The new method was described by Gartner Vice President and Analyst Avivah Litan, who calls it "flash attack," because it involves hitting many ATMs at the same time.

The attacks are based on the "salami slicing" concept, where extremely small ammounts are stolen from multiple sources in order to fly under the radar.

According to Ms. Litan, it all starts with a gang of fraudsters installing rogue PoS devices, capable of stealing credit card data and PINs, at stores belonging to a particular retailer, in multiple cities and states.

The skimmers planted inside these terminals send data to a central database, from where it is used to create hundreds of counterfeit credit cards.

The cards get the associated PIN numbers sticked onto them and are handed out to a network of money mules, dispersed around the country.

All mules are given around five fake cards at once and are instructed to withdraw very small amounts from each of them. Hundreds of ATMs in different cities are hit the same time.

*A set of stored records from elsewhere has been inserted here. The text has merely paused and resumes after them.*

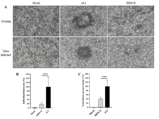 3.3. Fusion Formation Comparison of Spike Proteins Expressed by the Two Strains
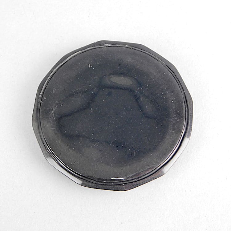 French phenolic art deco powder compact with a flapper to the lid in gold and silver leaf. Inside is a mirror to the lid and phenolic sifter panel.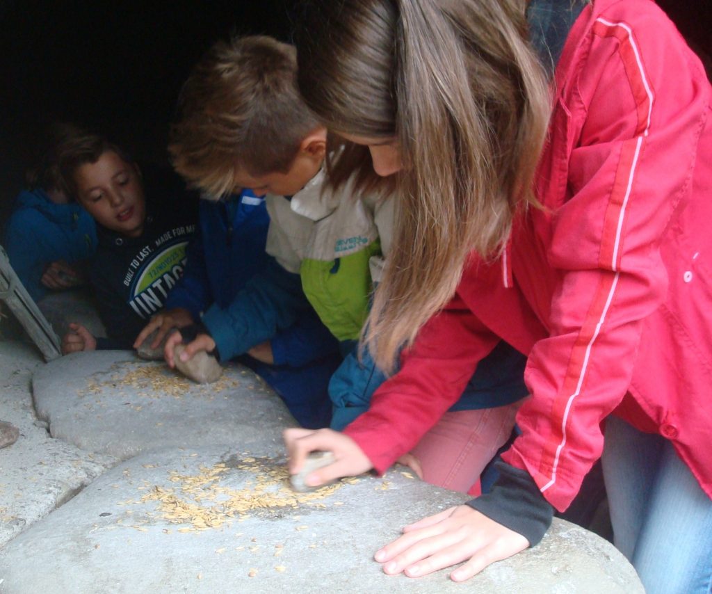 - Mit dem Mahlstein Mehl für die nächsten Brote mahlen

"[...] Within ten minutes, simultaneous withdrawals at all these ATM machines add up to about $100,000 in proceeds," the Gartner analyst explains.

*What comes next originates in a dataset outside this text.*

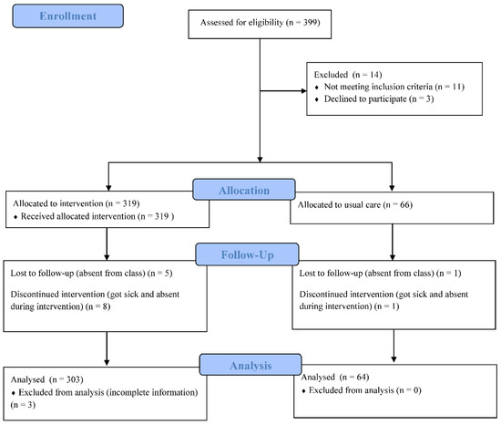 Convenience sampling was employed to enroll all eligible seventh-grade students from two junior high schools with similar value teaching systems in rural and coastal areas in Taiwan. As inclusion criteria, eligible participants were required to be present at the baseline, display an ability to read and speak Chinese, and be willing to complete the questionnaires. Considering the exam and class schedules, one school allowed 13 classes of seventh-grade students to participate, among which some students declined to participate (n = 3), which served as the intervention group (n = 319), while the other school allowed two classes to participate, which served as the control group (n = 66). We excluded current smokers after intervention and data collection to avoid bias from different perspectives between smokers and non-smokers. Therefore, 367 students’ data were used for analysis after excluding those who provided incomplete data (n = 3), discontinued intervention (n = 9), or were lost during follow up (n = 6). Figure 1 presents a Consolidated Standards of Reporting Trials (CONSORT) flow diagram of this study.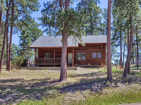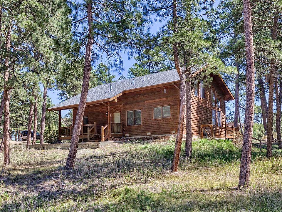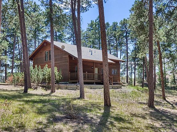 Serene setting in the tall pines! This one of a kind, contemporary mountain home is nestled on a beautiful corner lot surrounded by mature trees with a large covered front porch on a quiet culdesac. Area of newer, high end homes. Sunny two story great room with gas fireplace (wood burning stove look) and access to rear deck for easy outdoor living. Newer corian countertops in kitchen and master bathroom. Brand new carpet. Convenient upper level laundry room. Extra storage in two attic areas plus outdoor storage shed. Oversized, heated, finished garage. Close to Kilmer Elementary school in Lewis Palmer School District #38. Brand new roof installed-warranty transferred to buyer at closing. Fence in "As Is" condition. Call this home today!

The gang repeats the operation five times a month with different cards and they earn $500,000, of which a portion is used to pay the money mule network.

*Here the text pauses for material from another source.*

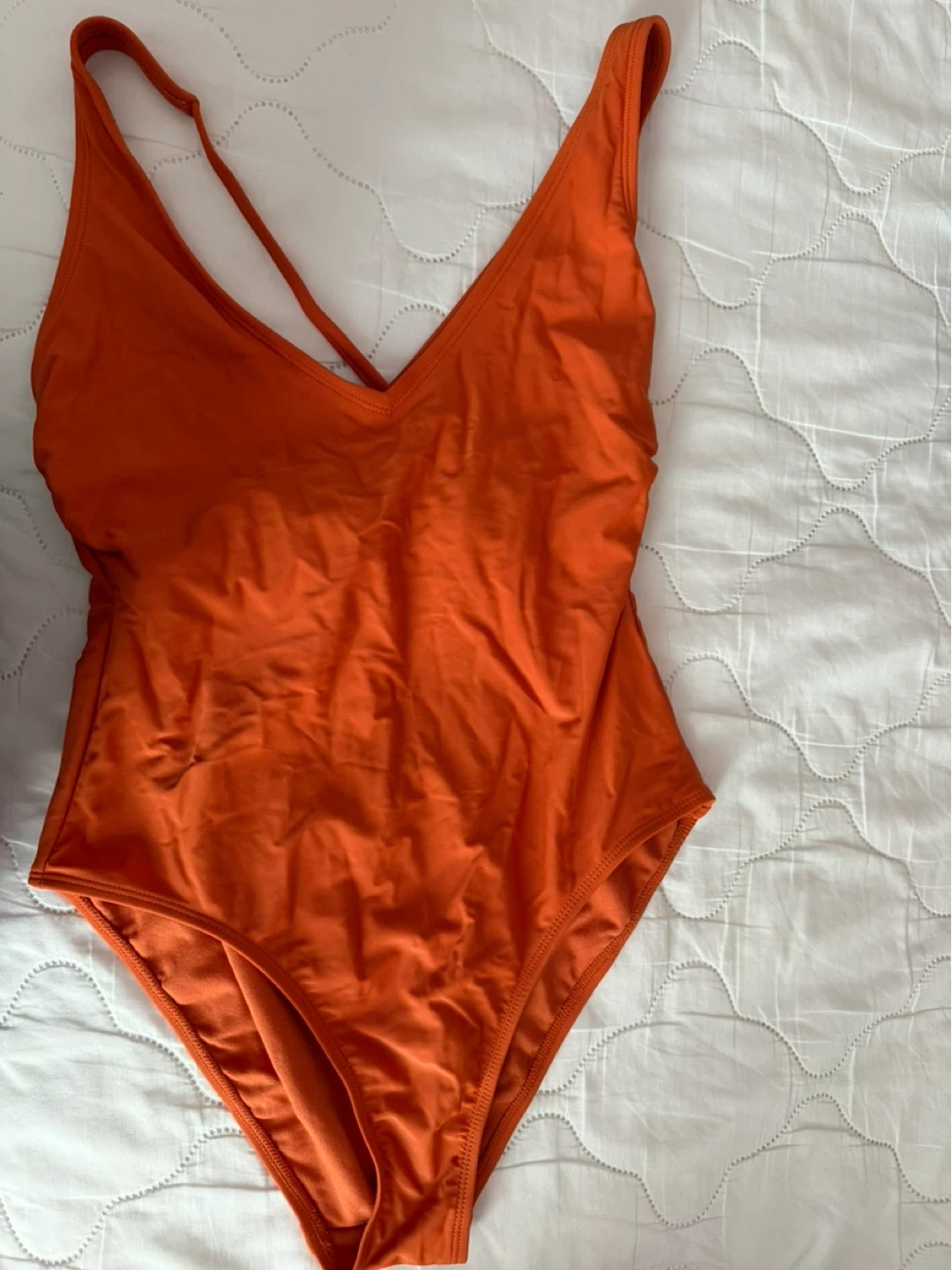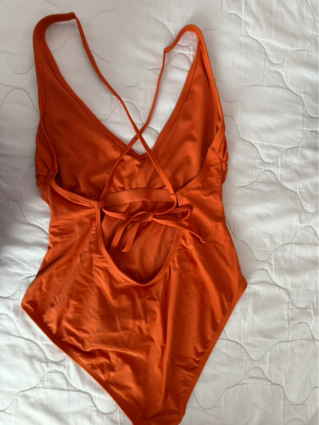 Here's a vibrant orange one-piece swimsuit! It features a V-neck and a stylish criss-cross back. Perfect for swimming or lounging by the pool

Ms. Litan learned of the new attack from several affected banks and payment processors, who told her that this type of fraud is notoriously hard to detect or block.

Possible mitigation involves determining the source of compromise and suspending all cards used there over a long period of time, which can prove extremely costly.

In addition, finding the point-of-breach can be very complicated, because the fradusters begin abusing the cards a long time after they were compromised, sometimes a year or more.

"The long term solution: Stronger cardholder authentication, whether using Chip and PIN, dynamic PINs, mobile geolocation information, or other authentication alternatives," Litan concludes.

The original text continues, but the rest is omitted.